- _WHAT YOU HAVE TO DO_: Leaving out the images, please reproduce each line below exactly.

- _SOURCE DATA_:
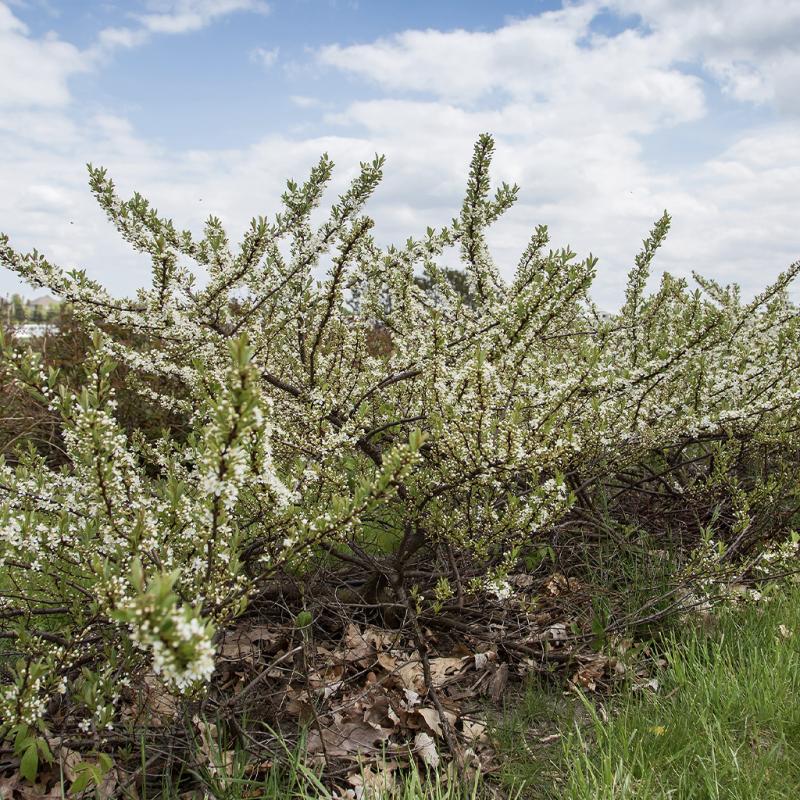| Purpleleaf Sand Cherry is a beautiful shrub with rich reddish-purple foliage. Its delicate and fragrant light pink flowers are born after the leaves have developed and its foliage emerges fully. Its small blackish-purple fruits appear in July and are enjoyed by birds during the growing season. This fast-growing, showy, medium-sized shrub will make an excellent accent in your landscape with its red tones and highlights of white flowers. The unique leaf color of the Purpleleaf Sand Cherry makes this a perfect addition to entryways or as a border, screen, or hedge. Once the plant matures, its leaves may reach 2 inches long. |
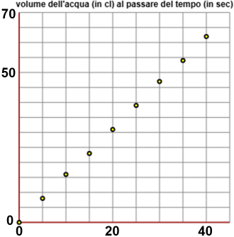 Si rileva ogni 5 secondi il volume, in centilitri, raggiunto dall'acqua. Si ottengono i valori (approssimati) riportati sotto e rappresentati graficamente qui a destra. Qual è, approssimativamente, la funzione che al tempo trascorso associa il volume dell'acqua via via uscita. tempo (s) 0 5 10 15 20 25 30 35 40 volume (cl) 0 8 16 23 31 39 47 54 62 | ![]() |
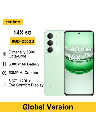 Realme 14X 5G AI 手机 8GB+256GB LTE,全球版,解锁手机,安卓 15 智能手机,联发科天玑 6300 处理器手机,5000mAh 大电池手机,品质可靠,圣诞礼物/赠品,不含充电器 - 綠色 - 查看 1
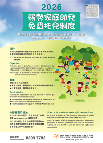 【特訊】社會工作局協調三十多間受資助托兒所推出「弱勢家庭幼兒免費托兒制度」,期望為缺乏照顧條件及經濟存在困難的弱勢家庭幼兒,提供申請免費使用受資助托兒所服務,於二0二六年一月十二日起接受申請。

- _SOLUTION TO THE EXERCISE_:
| Purpleleaf Sand Cherry is a beautiful shrub with rich reddish-purple foliage. Its delicate and fragrant light pink flowers are born after the leaves have developed and its foliage emerges fully. Its small blackish-purple fruits appear in July and are enjoyed by birds during the growing season. This fast-growing, showy, medium-sized shrub will make an excellent accent in your landscape with its red tones and highlights of white flowers. The unique leaf color of the Purpleleaf Sand Cherry makes this a perfect addition to entryways or as a border, screen, or hedge. Once the plant matures, its leaves may reach 2 inches long. |
 Si rileva ogni 5 secondi il volume, in centilitri, raggiunto dall'acqua. Si ottengono i valori (approssimati) riportati sotto e rappresentati graficamente qui a destra. Qual è, approssimativamente, la funzione che al tempo trascorso associa il volume dell'acqua via via uscita. tempo (s) 0 5 10 15 20 25 30 35 40 volume (cl) 0 8 16 23 31 39 47 54 62 | ![]() |
 Realme 14X 5G AI 手机 8GB+256GB LTE,全球版,解锁手机,安卓 15 智能手机,联发科天玑 6300 处理器手机,5000mAh 大电池手机,品质可靠,圣诞礼物/赠品,不含充电器 - 綠色 - 查看 1
 【特訊】社會工作局協調三十多間受資助托兒所推出「弱勢家庭幼兒免費托兒制度」,期望為缺乏照顧條件及經濟存在困難的弱勢家庭幼兒,提供申請免費使用受資助托兒所服務,於二0二六年一月十二日起接受申請。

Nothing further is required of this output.